▸ **Task directions**
Beginning with the line that contains "Please join us", transcribe the rest of the listing below exactly, including its last line, and exclude any pictures.

▸ **Given entries**

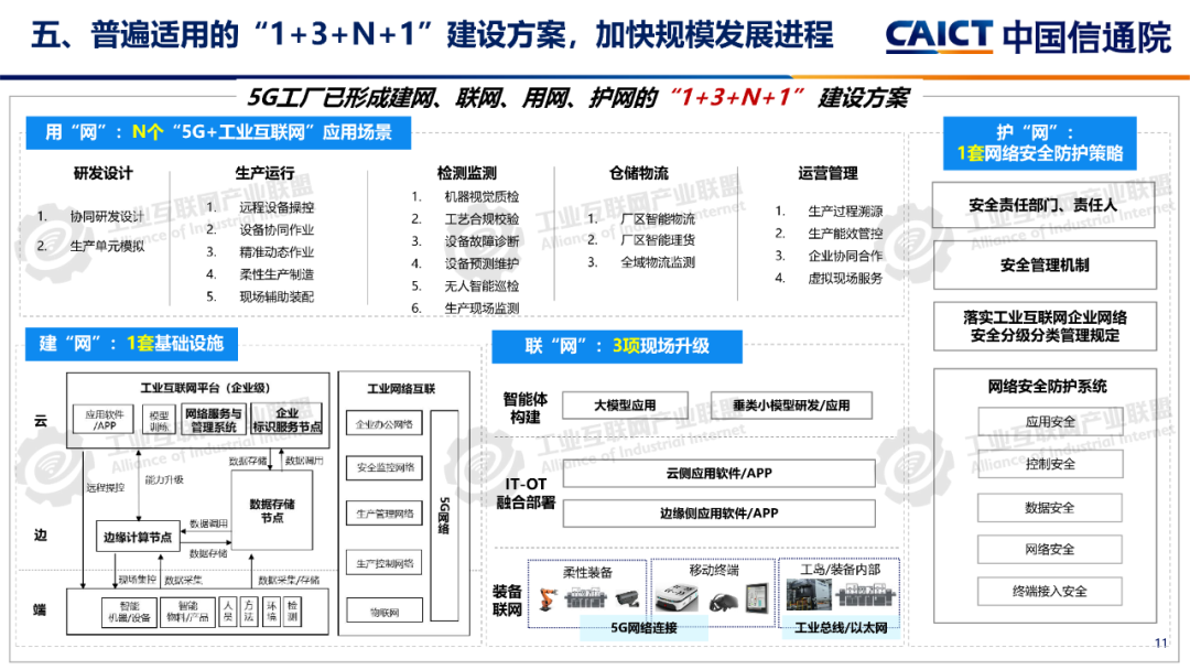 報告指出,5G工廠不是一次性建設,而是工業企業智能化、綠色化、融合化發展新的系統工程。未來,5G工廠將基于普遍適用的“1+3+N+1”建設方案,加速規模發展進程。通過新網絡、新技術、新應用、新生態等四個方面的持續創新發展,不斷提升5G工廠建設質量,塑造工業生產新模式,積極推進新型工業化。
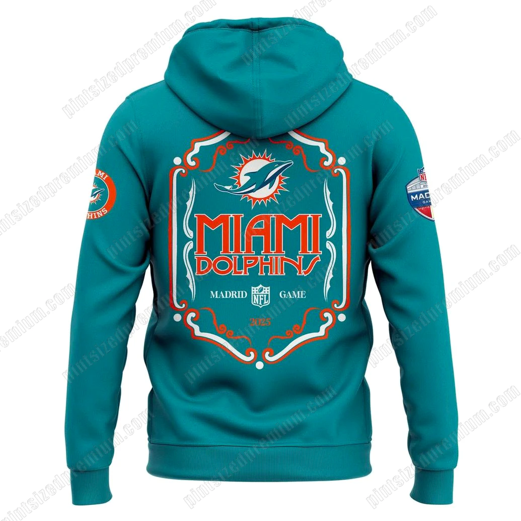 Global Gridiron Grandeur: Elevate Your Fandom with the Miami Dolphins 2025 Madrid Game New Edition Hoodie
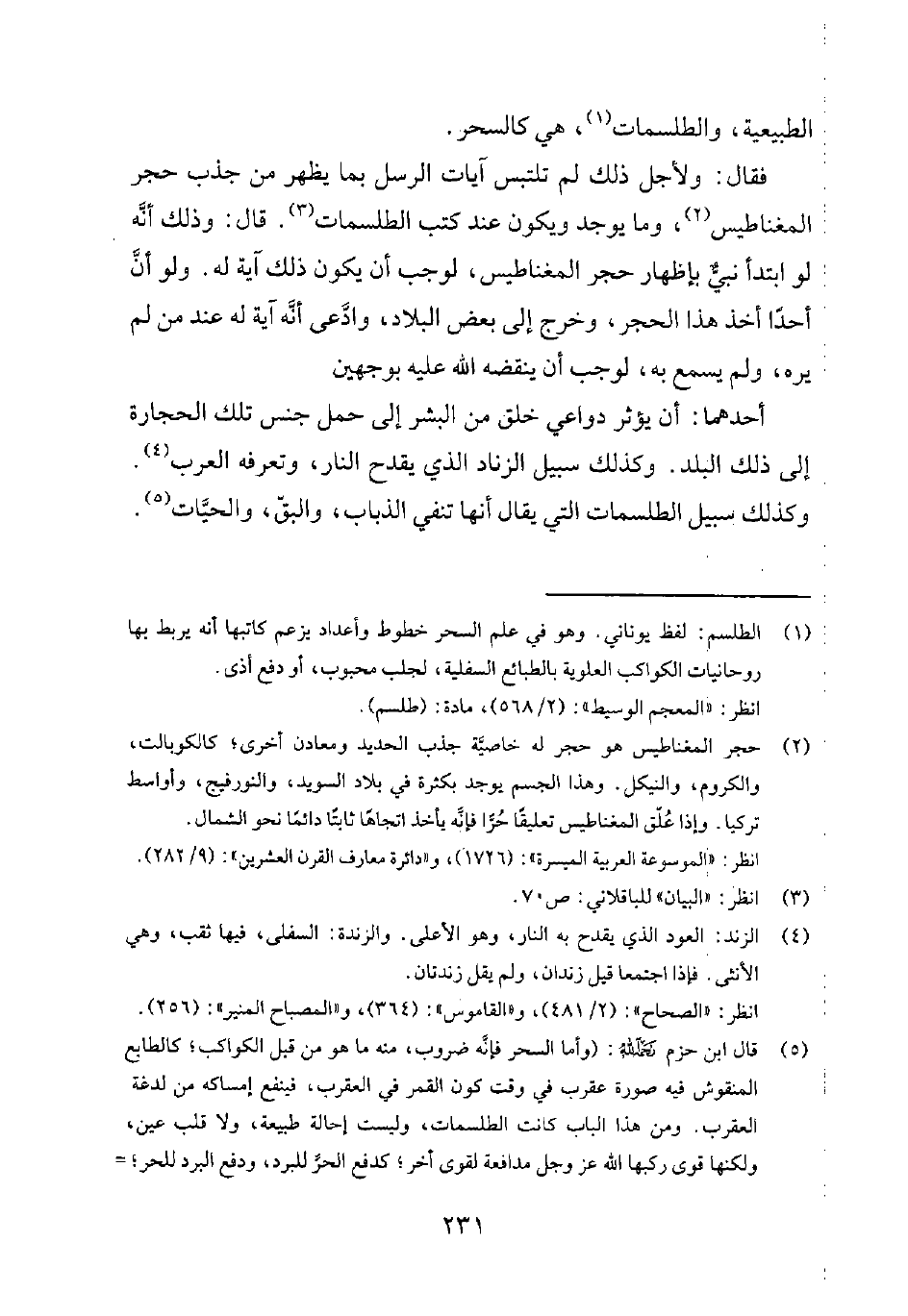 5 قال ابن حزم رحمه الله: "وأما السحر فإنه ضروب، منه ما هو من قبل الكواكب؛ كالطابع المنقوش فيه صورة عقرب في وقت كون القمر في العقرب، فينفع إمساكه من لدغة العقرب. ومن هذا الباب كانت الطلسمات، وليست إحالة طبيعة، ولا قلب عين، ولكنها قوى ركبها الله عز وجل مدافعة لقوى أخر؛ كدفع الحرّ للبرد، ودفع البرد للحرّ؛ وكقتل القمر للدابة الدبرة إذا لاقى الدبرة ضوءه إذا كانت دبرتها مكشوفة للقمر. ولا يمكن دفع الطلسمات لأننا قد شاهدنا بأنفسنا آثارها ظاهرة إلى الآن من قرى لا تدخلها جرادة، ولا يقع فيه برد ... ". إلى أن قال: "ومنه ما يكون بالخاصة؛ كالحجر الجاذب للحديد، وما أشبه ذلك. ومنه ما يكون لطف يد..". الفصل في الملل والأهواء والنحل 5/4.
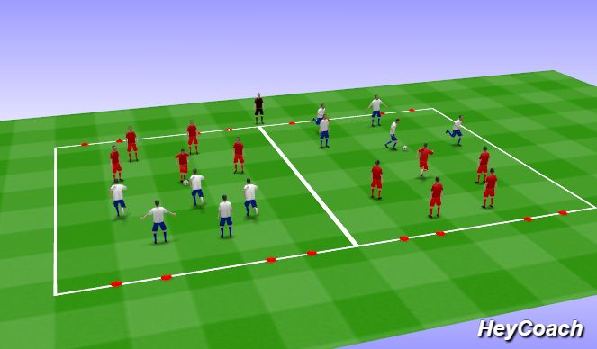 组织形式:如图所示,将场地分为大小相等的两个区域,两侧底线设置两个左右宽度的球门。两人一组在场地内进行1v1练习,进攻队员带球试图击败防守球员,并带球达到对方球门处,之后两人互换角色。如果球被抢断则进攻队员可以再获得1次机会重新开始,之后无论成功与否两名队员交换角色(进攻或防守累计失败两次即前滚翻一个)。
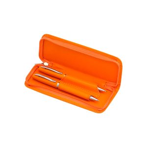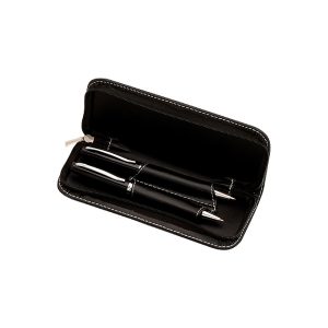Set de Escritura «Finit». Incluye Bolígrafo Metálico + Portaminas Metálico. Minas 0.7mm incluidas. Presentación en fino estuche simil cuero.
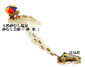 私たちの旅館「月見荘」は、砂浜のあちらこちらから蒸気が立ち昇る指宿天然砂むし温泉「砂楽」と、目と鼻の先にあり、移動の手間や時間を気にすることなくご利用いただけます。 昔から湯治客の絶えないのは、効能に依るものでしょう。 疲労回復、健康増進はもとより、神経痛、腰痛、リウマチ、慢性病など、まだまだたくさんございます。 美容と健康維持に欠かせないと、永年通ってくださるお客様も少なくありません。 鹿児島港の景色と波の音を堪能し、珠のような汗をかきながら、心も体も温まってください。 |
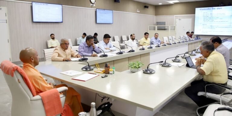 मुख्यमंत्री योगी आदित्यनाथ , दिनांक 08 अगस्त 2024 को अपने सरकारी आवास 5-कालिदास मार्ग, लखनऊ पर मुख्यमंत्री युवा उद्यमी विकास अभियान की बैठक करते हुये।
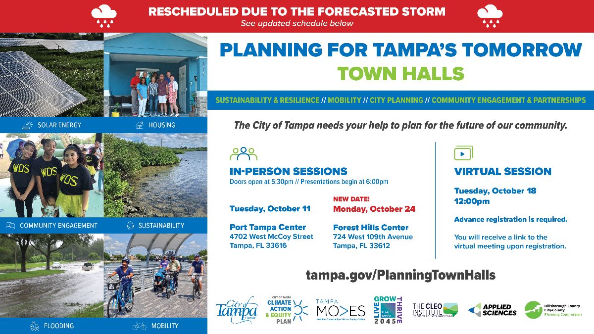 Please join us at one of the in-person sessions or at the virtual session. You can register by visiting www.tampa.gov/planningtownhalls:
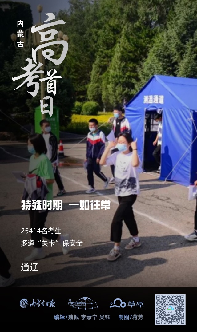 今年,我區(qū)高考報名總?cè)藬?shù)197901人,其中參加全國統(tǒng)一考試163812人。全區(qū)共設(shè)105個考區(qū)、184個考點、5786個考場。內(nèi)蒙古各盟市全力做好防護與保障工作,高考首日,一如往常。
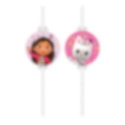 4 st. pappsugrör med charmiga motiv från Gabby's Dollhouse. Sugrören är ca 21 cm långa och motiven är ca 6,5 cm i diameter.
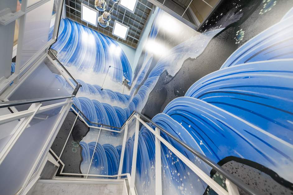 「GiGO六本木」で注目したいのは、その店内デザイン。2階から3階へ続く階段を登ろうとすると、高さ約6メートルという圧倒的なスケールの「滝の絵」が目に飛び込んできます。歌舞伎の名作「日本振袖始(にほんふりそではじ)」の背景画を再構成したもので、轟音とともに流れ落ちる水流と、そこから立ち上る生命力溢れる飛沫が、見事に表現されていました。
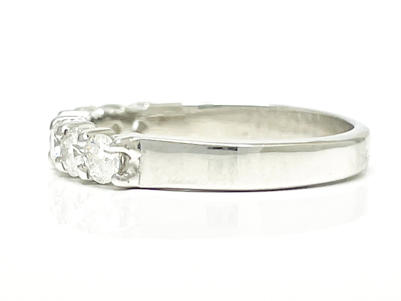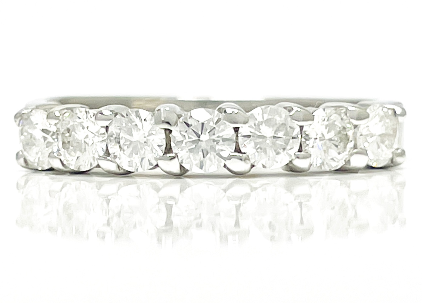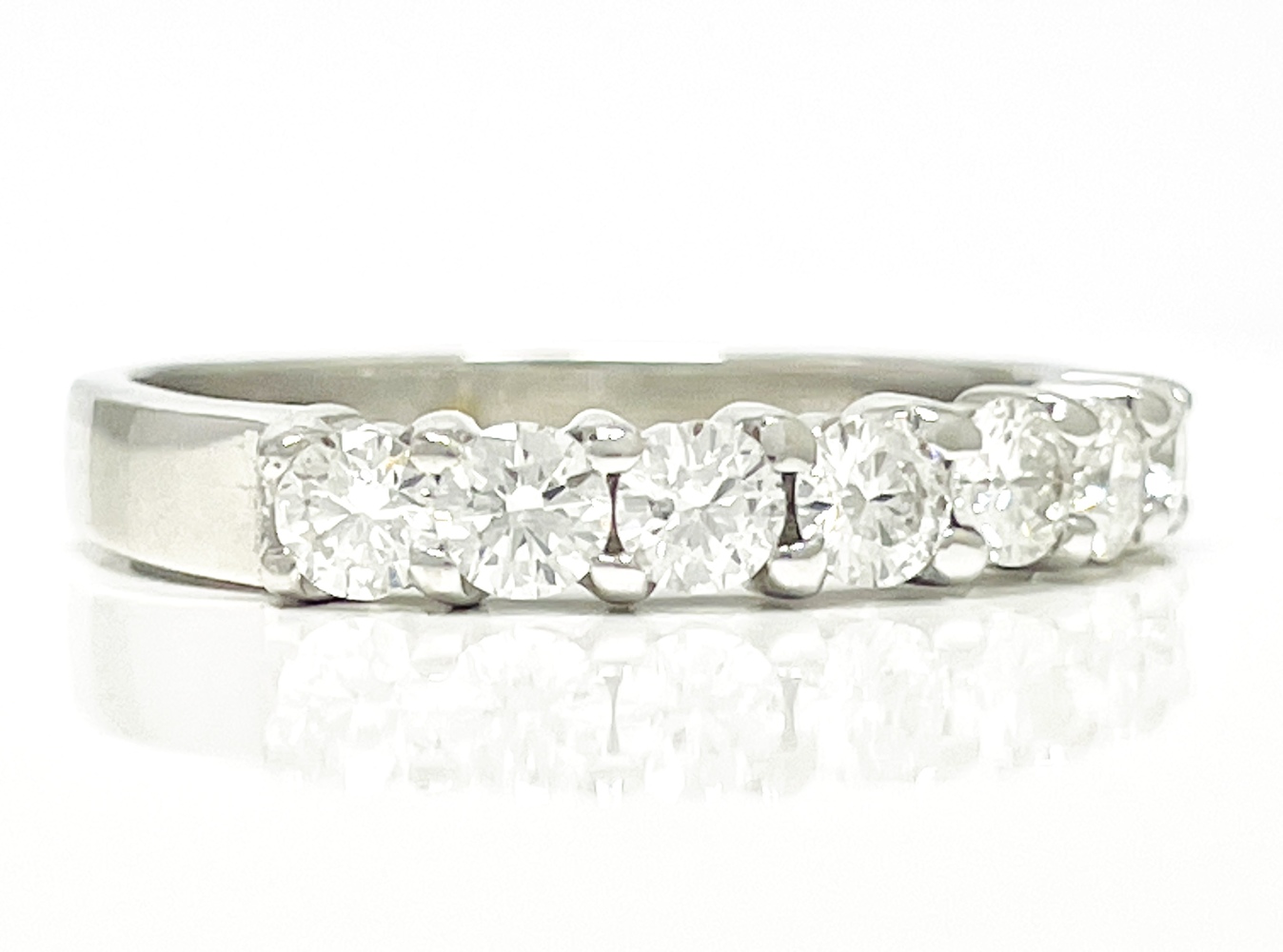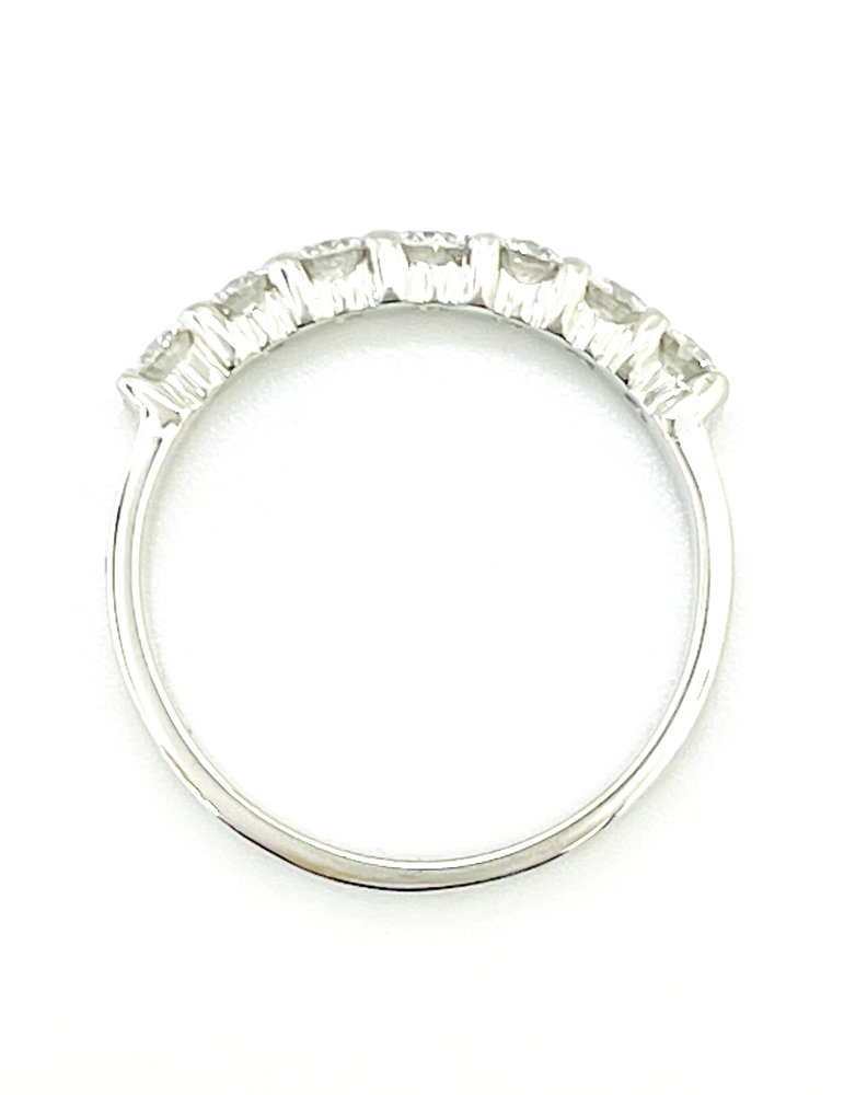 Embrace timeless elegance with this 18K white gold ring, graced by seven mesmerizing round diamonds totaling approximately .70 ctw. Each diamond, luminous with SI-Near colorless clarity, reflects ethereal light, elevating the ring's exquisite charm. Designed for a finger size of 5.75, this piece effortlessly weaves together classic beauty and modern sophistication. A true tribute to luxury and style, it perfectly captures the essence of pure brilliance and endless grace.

▸ **Result of the exercise**
 Please join us at one of the in-person sessions or at the virtual session. You can register by visiting www.tampa.gov/planningtownhalls:
 今年,我區(qū)高考報名總?cè)藬?shù)197901人,其中參加全國統(tǒng)一考試163812人。全區(qū)共設(shè)105個考區(qū)、184個考點、5786個考場。內(nèi)蒙古各盟市全力做好防護與保障工作,高考首日,一如往常。
 4 st. pappsugrör med charmiga motiv från Gabby's Dollhouse. Sugrören är ca 21 cm långa och motiven är ca 6,5 cm i diameter.
 「GiGO六本木」で注目したいのは、その店内デザイン。2階から3階へ続く階段を登ろうとすると、高さ約6メートルという圧倒的なスケールの「滝の絵」が目に飛び込んできます。歌舞伎の名作「日本振袖始(にほんふりそではじ)」の背景画を再構成したもので、轟音とともに流れ落ちる水流と、そこから立ち上る生命力溢れる飛沫が、見事に表現されていました。
 Embrace timeless elegance with this 18K white gold ring, graced by seven mesmerizing round diamonds totaling approximately .70 ctw. Each diamond, luminous with SI-Near colorless clarity, reflects ethereal light, elevating the ring's exquisite charm. Designed for a finger size of 5.75, this piece effortlessly weaves together classic beauty and modern sophistication. A true tribute to luxury and style, it perfectly captures the essence of pure brilliance and endless grace.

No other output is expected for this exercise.